§ **TASK PROMPT**
Transcribed word for word, the lines below from the one with "Colorful cartoon Halloween" through the last line of the records form the answer; no picture is to be included.

===== SUPPLIED INFORMATION

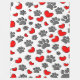 Des pattes de chien de style dessin animé décoratif et des coeurs rouges. Idée cadeau pour les personnes qui aiment les chiens.
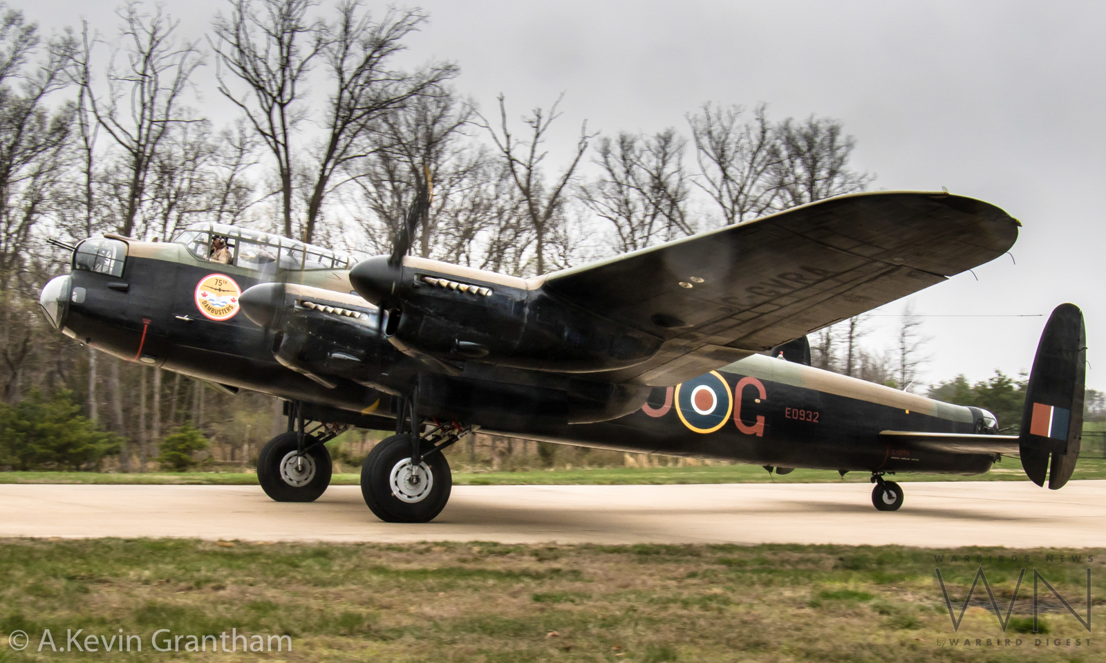 A glorious shot of the Canadian Warplane Heritage Museum's Avro Lancaster shortly after arriving at the Smithsonian's Steven F. Udvar-Hazy Center in preparation for the Great British Fly-in celebrating the RAF's Centenary on the following day. Note the large yellow decal just below the cockpit. It is honoring the 75th anniversary of the famous Dambuster raid of May 16/17th 1943. (photo by A.Kevin Grantham)
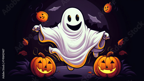 Colorful cartoon Halloween with ghost, pumpkins, and spooky elements
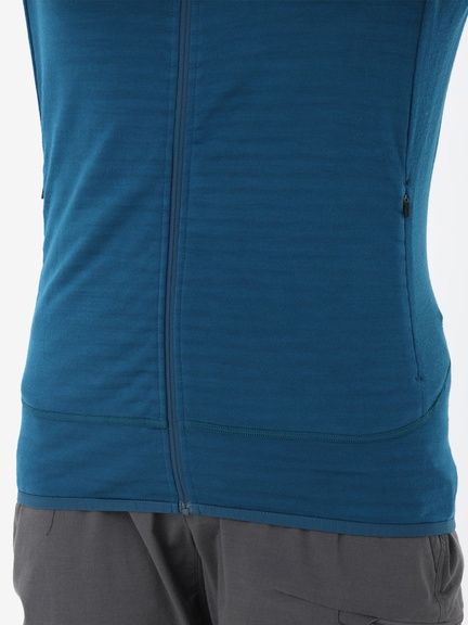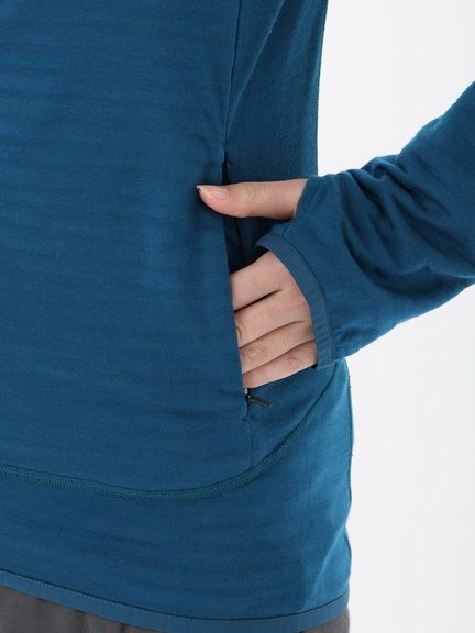- 保温性と通気性を兼ね備えた機能素材/脇下ガセット仕様/ハンドポケット付/サムループ付/フラットシーマー/ドロップテール/オフセットシーム
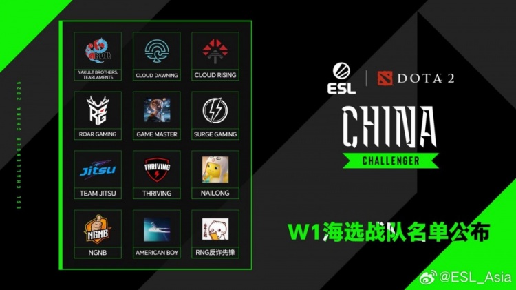 直播吧1月1日讯 DOTA2 ESL中国区挑战者联赛首轮海选战队出炉👇

==========

§ **YOUR RESPONSE**
 Colorful cartoon Halloween with ghost, pumpkins, and spooky elements
- 保温性と通気性を兼ね備えた機能素材/脇下ガセット仕様/ハンドポケット付/サムループ付/フラットシーマー/ドロップテール/オフセットシーム
 直播吧1月1日讯 DOTA2 ESL中国区挑战者联赛首轮海选战队出炉👇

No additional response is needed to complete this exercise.